For example, Martinez and Artz (2006) found that industries' regulatory environments affected the relationship between a firm's slack resources and managers' propensity to invest in higher-risk activities, such as those associated with innovation. In addition to environmental, industry, or firm-level variables, other contingencies worth investigating relate to the nature of the innovations themselves and their dependency on internal funding from slack resources. Incremental or sustaining innovations may require fewer resources than disruptive ones (Christensen and Raynor, 2003), and thus may be differentially related to slack resources. At a more specific level, these findings suggest that theories of innovation may need to specify industry effects, and that certain propositions about innovation may be industry-dependent. Without such contingency or moderator hypotheses, findings may mask or average differential relationships for different sub-groups. Furthermore, we need to do a better job of incorporating existing theories and models of organizations, such as ecological/evolutionary views, resource-based views, and organizational learning views, in order to develop testable propositions about why certain types of relationships between innovation inputs and outputs may occur.

The question of whether increased slack simply decreases the efficiency of innovation outputs or actually results in negative outputs beyond a certain point, as some have suggested, was addressed by our results with the finding that for very extreme values of slack, "negative" innovation outcomes may, in fact, be found. However, these extreme cases clearly constitute "outliers," and one should be careful about specifying a more general, inverted U-shaped curve for the slack-innovation relationship. Future research will need to investigate the underlying causes for this effect, when it does occur. The common explanations given for diminishing returns (i.e., lack of discipline, decreased vigilance, etc.) are not quite adequate for explaining why innovation would actually decrease beyond some point unless we hypothesize and test propositions specifically designed to assess program or resource management deficiencies that may occur. Given the very high liquidity ratio beyond which this effect occurs in our samples, one would need to better understand the dynamics of firms that maintain such high ratios. Perhaps there are correlates or causes of such high ratios that might explain the negative returns on innovation programs. Thus, our results caution against the "negative innovation" returns interpretation of the earlier slack-innovation studies.

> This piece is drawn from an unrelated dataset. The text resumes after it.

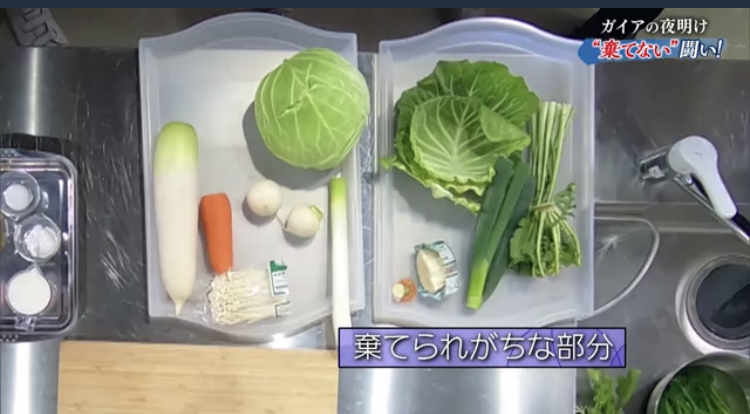 実際に堀江さんの切った番組の案内人の松下さんが生野菜のよく捨ててしまっている部分を写真で見てみても量が多い。

Our findings also point to the importance of developing multiple measures of innovation, and the need to better map the conceptual distinctions between these different measures and delineate the conditions under which each conceptualization is most appropriate. For example, when company data about innovation activities are unavailable (which they usually are, for trade secrecy reasons), the ability to specify and use a patent-based, publicly-available measure represents a major benefit. Given the public nature of patent data, the explosive growth in patenting activity (Hicks et al., 2001), and the support for the use of patent data as proxies for innovation (Deng et al., 1999; Griliches, 1990; Trajtenberg, 1990), our results demonstrate the salience of such patenting data for testing hypotheses concerning various aspects of organizational resources and innovation outcomes. However, even then, we may specify different patent-based measures. Our measure of "impact" may be said to have provided a demonstration of the impact of slack resources on the quality or importance of a firm's innovations, but not on their quantity or their commercial success.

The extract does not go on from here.